The perennial truths of the Catholic Faith do not change. It is blasphemous to assert that the Third Person of the Most Blessed Trinity, God the Holy Ghost, would direct Holy Mother Church without change for nineteen hundred years before authorizing a series of "reversals" starting in 1962 and continuing thereafter to the present time because the Church had yet to “learn” about that her dogma was conditioned by the historical circumstances in which it was pronounced. This means that God the Holy Ghost did not direct our true popes, whether acting individually or with other bishops in Holy Mother Church’s true general councils, a proposition that is both blasphemous and stands authentic Catholic ecclesiology on its head.
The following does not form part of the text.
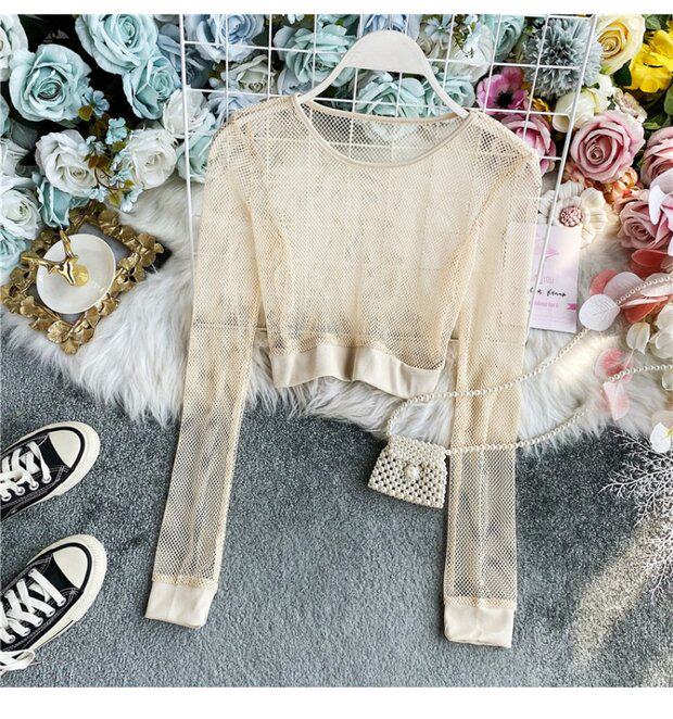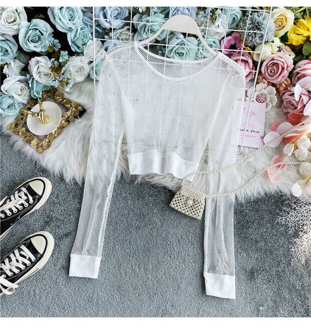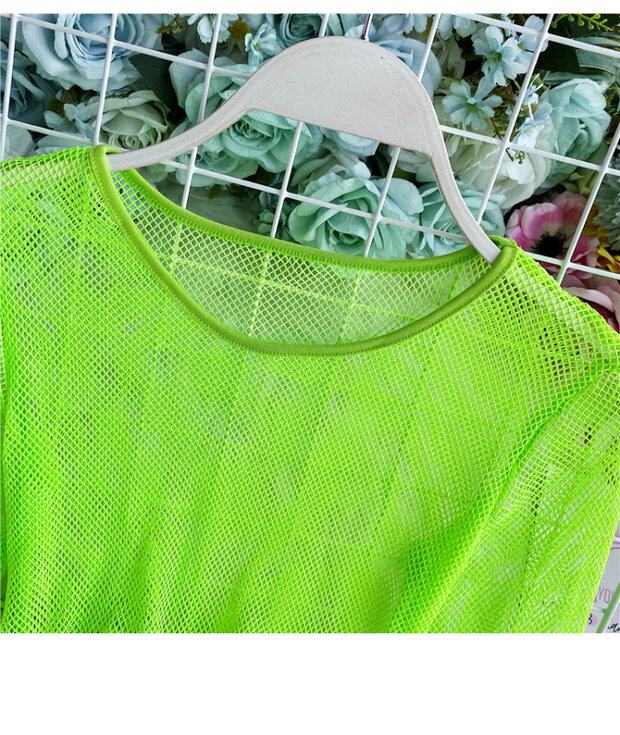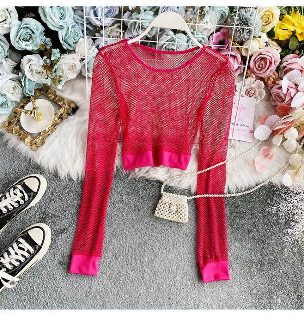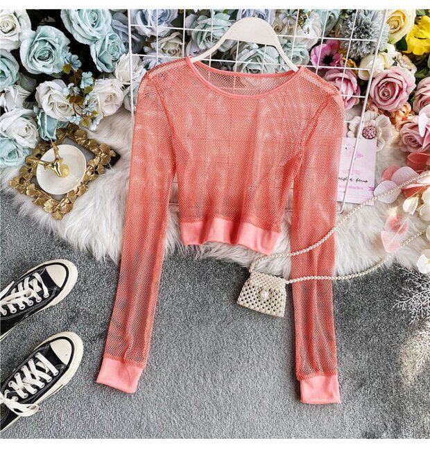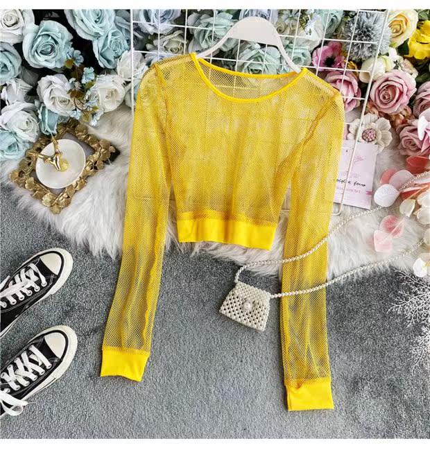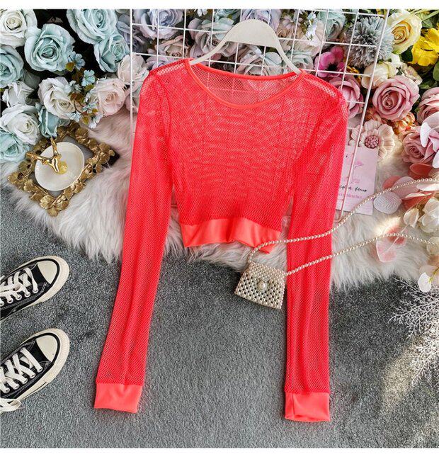 Летняя футболка, короткий базовый флуоресцентный лонгслив, высокая талия

As Pope Pius XI noted in Mortalium Animos, January 6, 1928, God has revealed His doctrines to us, and we profess our faith in what God has revealed. Doctrine is not the product of the “faith experience:”

For this reason it is that all who are truly Christ's believe, for example, the Conception of the Mother of God without stain of original sin with the same faith as they believe the mystery of the August Trinity, and the Incarnation of our Lord just as they do the infallible teaching authority of the Roman Pontiff, according to the sense in which it was defined by the Ecumenical Council of the Vatican. Are these truths not equally certain, or not equally to be believed, because the Church has solemnly sanctioned and defined them, some in one age and some in another, even in those times immediately before our own? Has not God revealed them all? For the teaching authority of the Church, which in the divine wisdom was constituted on earth in order that revealed doctrines might remain intact for ever, and that they might be brought with ease and security to the knowledge of men, and which is daily exercised through the Roman Pontiff and the Bishops who are in communion with him, has also the office of defining, when it sees fit, any truth with solemn rites and decrees, whenever this is necessary either to oppose the errors or the attacks of heretics, or more clearly and in greater detail to stamp the minds of the faithful with the articles of sacred doctrine which have been explained. But in the use of this extraordinary teaching authority no newly invented matter is brought in, nor is anything new added to the number of those truths which are at least implicitly contained in the deposit of Revelation, divinely handed down to the Church: only those which are made clear which perhaps may still seem obscure to some, or that which some have previously called into question is declared to be of faith.  (Pope Pius XI, Mortalium Animos, January 6, 1928,)

The late Joseph Alois Ratzinger/Benedict XVI, never accepted this. He believed that Protestants truly "love" Our Blessed Lord and Saviour Jesus Christ because they are said to have a "relationship" with Him even though they do not know Him or accept Him as He has revealed Himself to men exclusively through His Catholic Church. Ratzinger/Benedict believed that the Orthodox are fellow "believers" even though they reject the Catholic Church's doctrinal definitions of Original Sin, Papal Primacy, Papal Infallibility and Purgatory and reject as well the dogma of Our Lady's Immaaculate Conception as defined by Pope Pius IX in 1854 and her boily Assumption as defined by Pope Pius XII in 1950.